Damon Poeter| Itproportal

Intel this week introduced the 22-nanometer Xeon E5 2600 v2 product family of processors for servers, storage, and networking infrastructure, promising up to a 50 per cent uptick in performance and a 45 per cent gain in energy efficiency compared with the preceding generation of Xeon E5 chips.

The next-generation processors have set 15 new dual-socket performance world records across benchmarking tests that measure computing performance in areas like running databases, enterprise computing, web services, technical computing, virtualisation, and energy efficiency, said Diane Bryant, senior vice president and general manager of Intel’s Datacenter and Connected Systems Group.

“We have a broad range of solutions and thanks to our partners, we are able to ship products that are optimized for all those types of workloads,” Bryant said on the first day of the Intel Developer Forum, reiterating some of the major points she made at Intel’s Datacenter Day earlier this year.

IT, she said, is no longer just a support structure for businesses, but “is the business” and a “path to delivering new results, new opportunities, and new revenue streams.”

Bryant said Intel’s new Xeon E5 chips are shipping now and are designed to take on the two big trending technology challenges in the datacentre – cloud computing and big data management and analysis – as well as address three major segments of the datacentre — servers, storage, and networking.

In servers, Bryant emphasised the extent to which back-end computing resources go un-utilised in today’s datacentres, promising that the Xeon E5 2600 v2 product line would make ramping up virtualisation and automation that much easier to do and consequently increase asset utilisation rates.

Intel partners making use of the new Xeon E5 server/workstation parts in assorted ways include supercomputer-maker Inspur and Apple, which is using Xeon E5 chips in its latest Mac Pro. IBM, meanwhile, has put the Xeon E5 line at the heart of its forthcoming NeXtScale architecture targeting public and private cloud computing. Compatible with standard racks, optimised for top-of-rack switching, and software defined network (SDN)-ready, NeXtScale will appear in systems shipping in October, with more servers to follow in November and throughout 2014, including microservers and systems using next-generation processors.

Intel’s new Xeon E5 family also includes products aimed at the storage market.

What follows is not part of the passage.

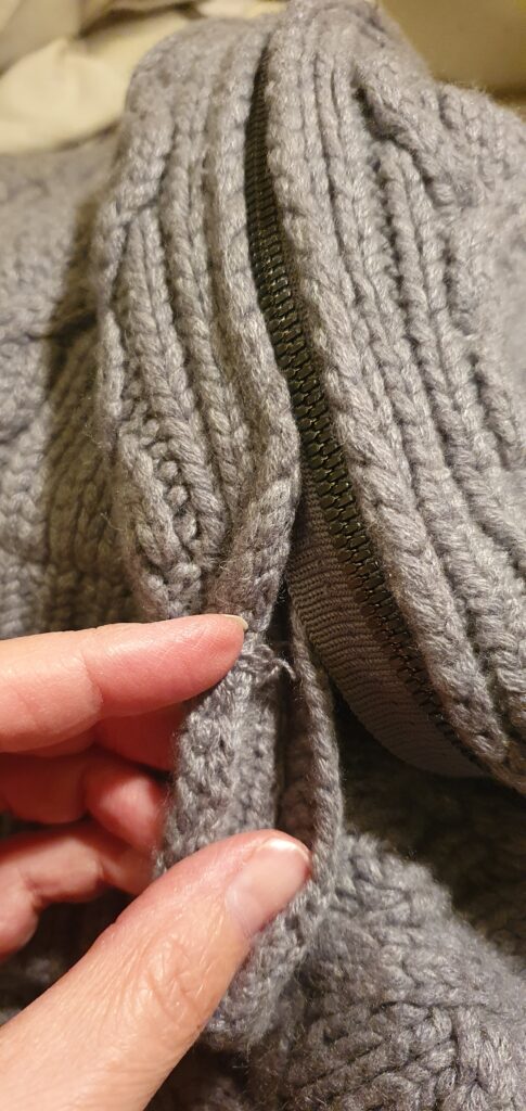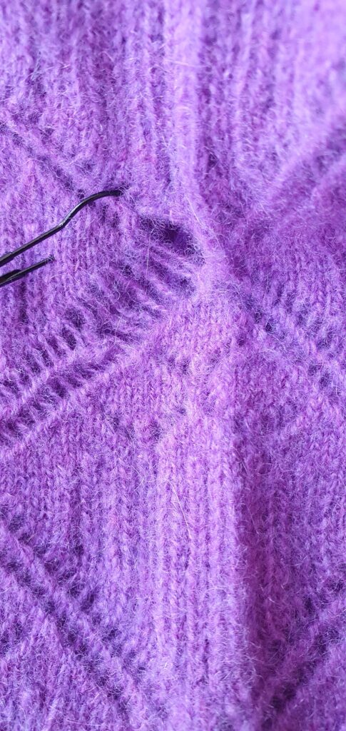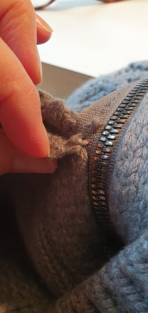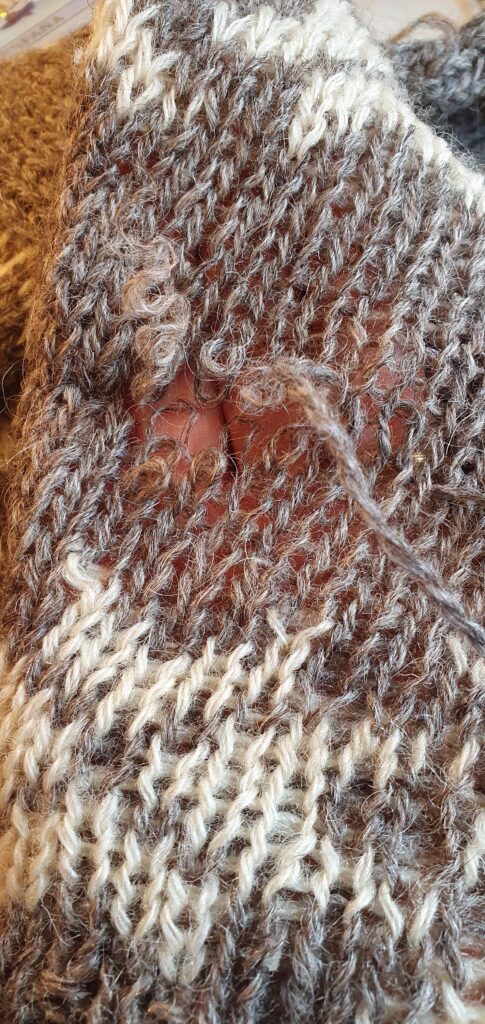 Jeg laver lapninger, der er så lidt synlige som muligt i både fin og kraftigere strik. Jeg har repareret en del i cashmere og fin merino.

Partners taking advantage of new features in that lineup, such as in-line de-duplication, include Dell, EMC, Hewlett-Packard, IBM, NEC, Fujitsu, Huawei, DataDirect Networks, Nexsan, Oracle, NetApp, X-10, and Xyratex, Bryant said.Finally, Intel is pushing Xeon E5 as a networking solution and at the Intel Developer Forum, Bryant announced the formation of its Network Builders Program, which is modelled after the company’s existing Cloud Builders Program.

Intel Network Builders includes nearly 30 member partners at the outset, including some familiar names like HP, VMware, Brocade, and others. Bryant said the programme would focus on building out and innovating new technologies for SDNs and Network Function Virtualisation (NFV), with Intel’s objective to “bring Moore’s Law to networks.”